Jones listened but remained noncommittal, Tunnicliffe said. "He said they might not change their minds, but that they were praying about it."
At the end of the phone call, Tunnicliffe said, he prayed for Jones.
"Here's the reality: That video will never go away," he said. "It will be so detrimental to our work with religious liberty around the world. Everywhere I go around the world, I will have to address this for years to come."
He and others described their lobbying efforts this week as delicate and strange. Jones doesn't belong to a religious denomination and doesn't appear to know fellow pastors in his town.
Some religious leaders said they fear that Jones won't listen to strangers, or they are reluctant to fuel something that they hope will go away. Others said the fact that evangelical leaders aren't taking more action reflects a distant and sometimes tense relationship with Muslims and the fact that many evangelicals are skeptical of Islam.
"People don't speak out the way they should because they don't have personal relationships," said Richard Cizik, a former longtime lobbyist for the National Association of Evangelicals (NAE), the U.S. branch of the World Evangelical Alliance. He noted that an NAE poll of evangelical leaders in 2008 found none who said they had a good friend who was Muslim.
Nevertheless, NAE President Leith Anderson issued a statement Wednesday asking Muslims not to judge "all Christians by the behavior of one extremist. One person with 30 silent followers does not speak for 300 million Americans who will never burn a Koran."
Christian leaders from other denominations echoed those sentiments Wednesday, saying there was no support in their communities for Jones. The question was how to reach the former hotel manager who sells furniture on eBay to make extra money.
Richard Land, president of the Southern Baptist Convention's Ethics & Religious Liberty Commission, said he decided not to approach Jones because he believes that the pastor would disapprove of Land's advocacy for the rights of religious minorities and his general engagement with pluralism.
"If I know my boy, he thinks we're apostate liberals anyway," Land said. "My guess is my call would be counterproductive. My calling him would just encourage him to do it."

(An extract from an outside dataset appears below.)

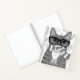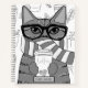 Adorable kitty wrapped in scarf, wearing glasses and holding coffee on personalised notebook.
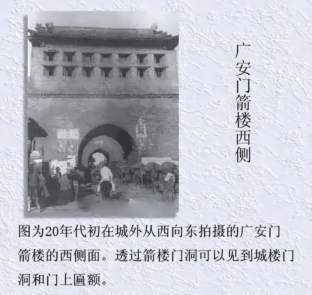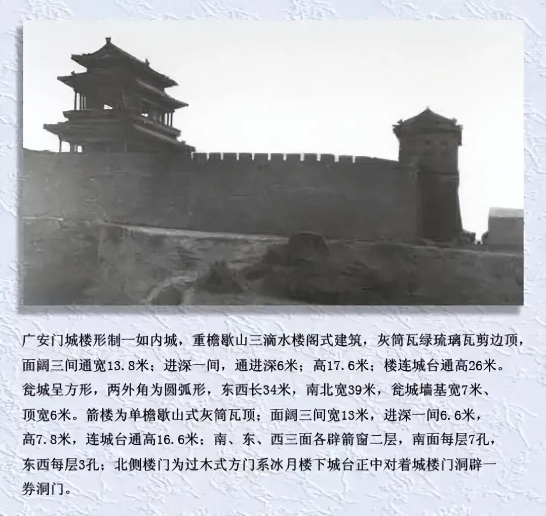 广安门,明代叫广宁门,又叫彰仪门。广安门城楼形制一如内城,重檐歇山三滴水楼阁式建筑,灰筒瓦绿琉璃瓦剪边顶。面阔三间通宽13.8米,进深一间,通深6米;高17.6米。楼连城台通高26米。1957年城楼被拆除(40年代已拆除箭楼及瓮城)。

City commissioners and the mayor of Gainesville have called Jones, as have local clergy, including the Rev. Dan Johnson of the 4,000-member Trinity United Methodist Church, the closest house of worship to the Dove Center. Johnson tried several times to make appointments with Jones before the Dove pastor called Johnson "yellow-bellied" in a local paper, said Troy Holloway, Trinity's director of stewardship development.
Tunnicliffe said he offered to come to Florida on Friday to speak with Jones's church and was planning to deliver a letter to the congregation and run an advertisement in the Gainesville newspaper.
Asked if evangelical leaders - including himself- had delayed trying to stop the Koran-burning because many Christians feel anxious about the spread of Islam, he said he didn't believe that was the case.
"They may have some concerns, but you'd only find the very fringe that would have any support for this, even among the most conservative," Tunnicliffe said. "I think there would be a strong consensus that this kind of approach is absolutely not acceptable and not biblical."